## Task brief
Wherever a picture appears in the listing below, leave it out and reproduce the rest exactly.

## Provided data
Content starts

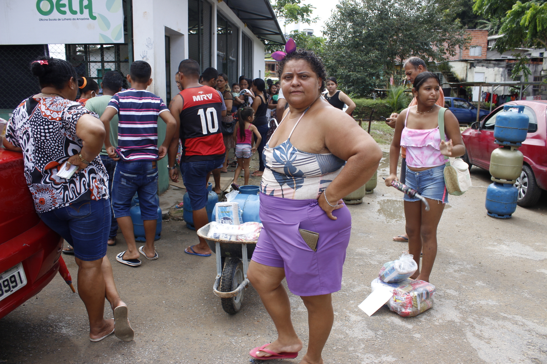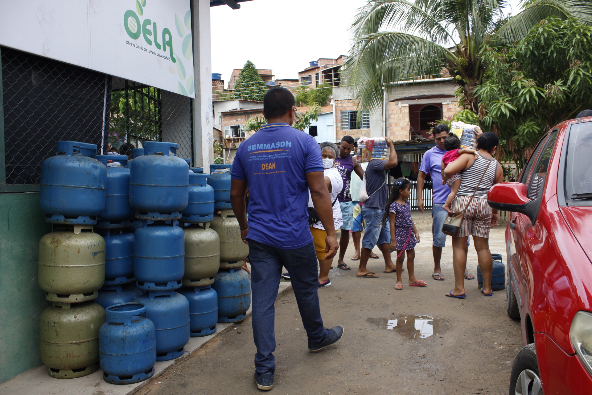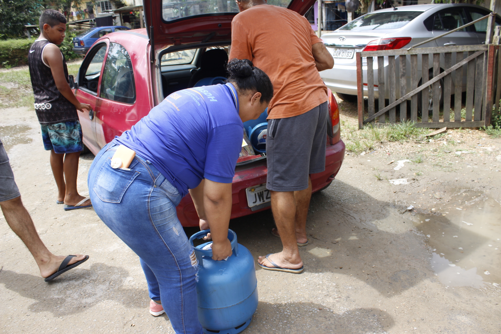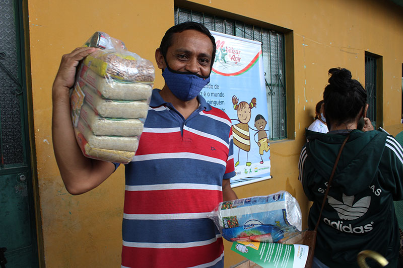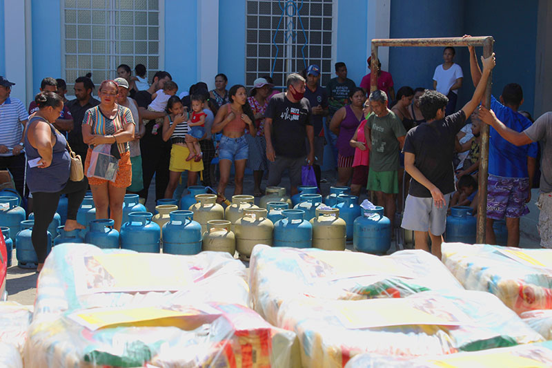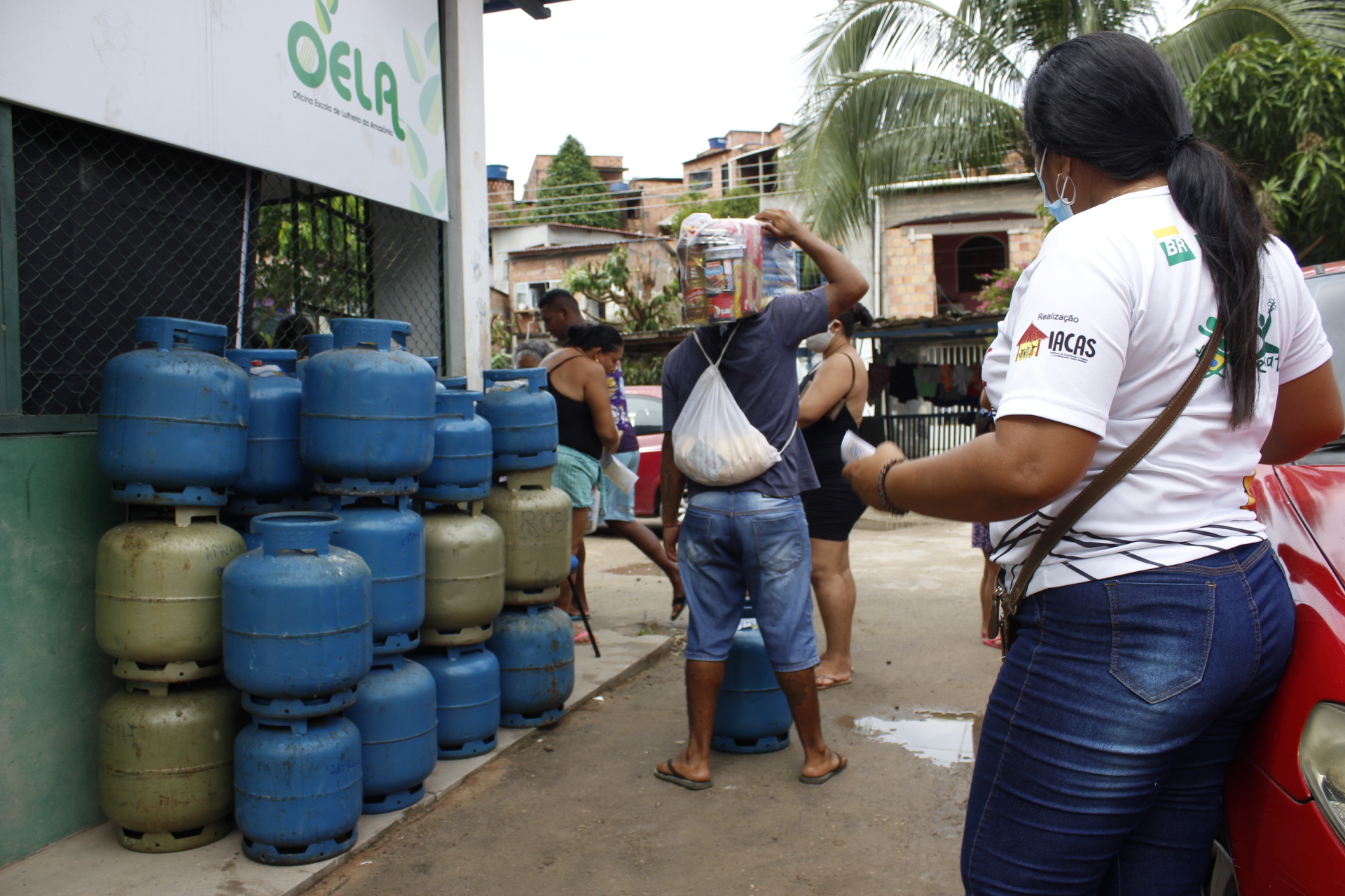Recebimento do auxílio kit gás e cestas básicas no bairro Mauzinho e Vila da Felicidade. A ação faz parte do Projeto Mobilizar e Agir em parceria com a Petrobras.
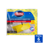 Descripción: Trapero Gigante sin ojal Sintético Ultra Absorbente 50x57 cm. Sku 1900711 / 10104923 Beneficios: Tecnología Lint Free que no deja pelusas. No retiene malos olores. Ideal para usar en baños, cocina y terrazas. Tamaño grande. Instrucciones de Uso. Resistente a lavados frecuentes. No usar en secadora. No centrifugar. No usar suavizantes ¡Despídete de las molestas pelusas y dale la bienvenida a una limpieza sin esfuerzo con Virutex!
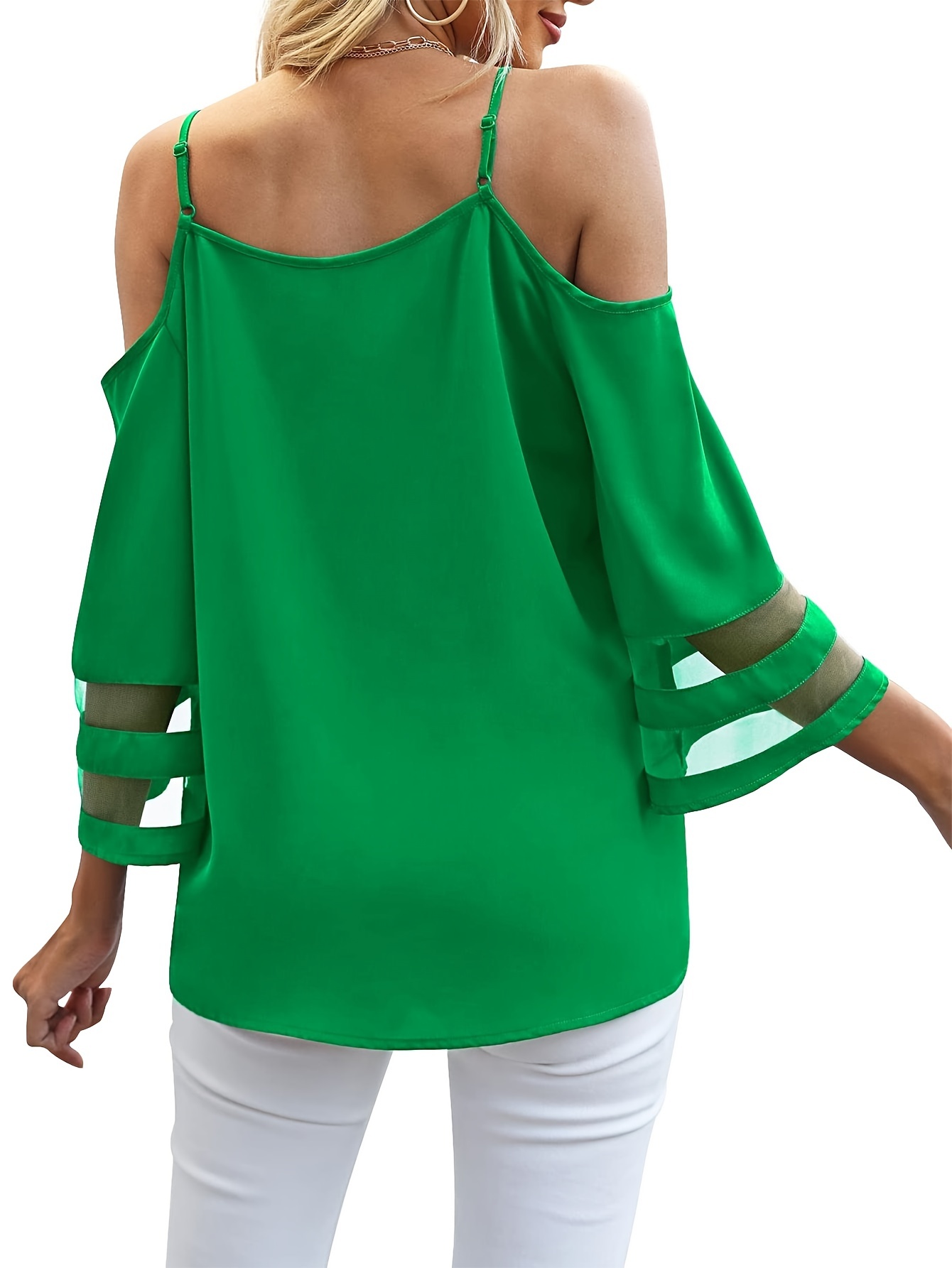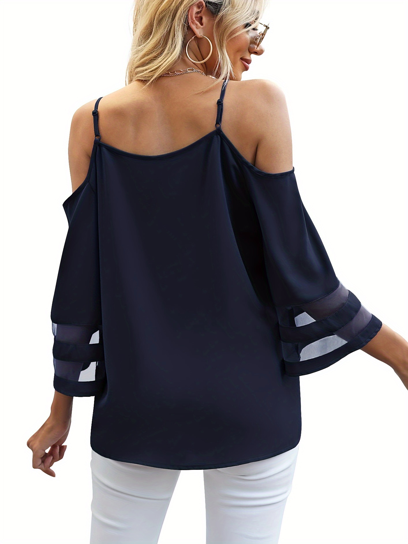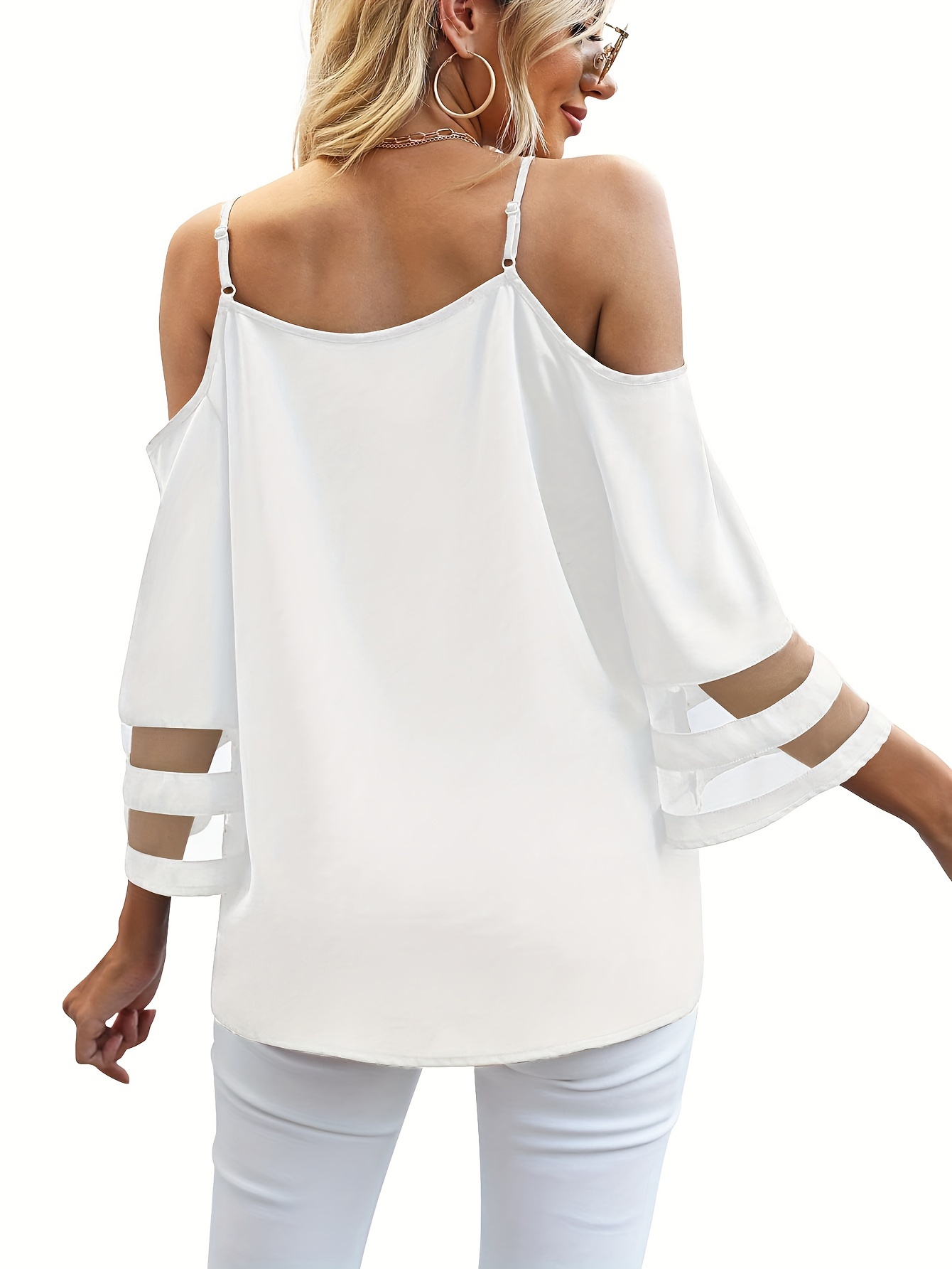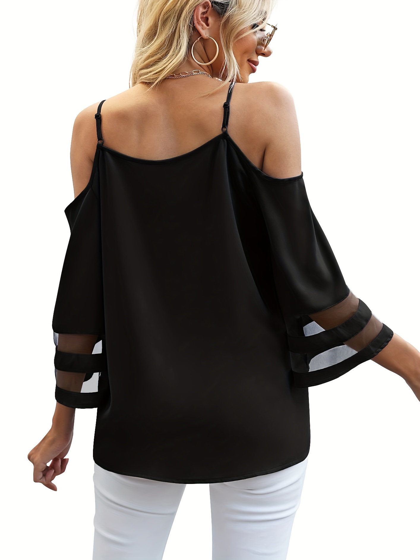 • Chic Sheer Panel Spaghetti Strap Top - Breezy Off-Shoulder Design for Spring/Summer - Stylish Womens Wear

Content ends

## Result of the exercise
Recebimento do auxílio kit gás e cestas básicas no bairro Mauzinho e Vila da Felicidade. A ação faz parte do Projeto Mobilizar e Agir em parceria com a Petrobras.
 Descripción: Trapero Gigante sin ojal Sintético Ultra Absorbente 50x57 cm. Sku 1900711 / 10104923 Beneficios: Tecnología Lint Free que no deja pelusas. No retiene malos olores. Ideal para usar en baños, cocina y terrazas. Tamaño grande. Instrucciones de Uso. Resistente a lavados frecuentes. No usar en secadora. No centrifugar. No usar suavizantes ¡Despídete de las molestas pelusas y dale la bienvenida a una limpieza sin esfuerzo con Virutex!
 • Chic Sheer Panel Spaghetti Strap Top - Breezy Off-Shoulder Design for Spring/Summer - Stylish Womens Wear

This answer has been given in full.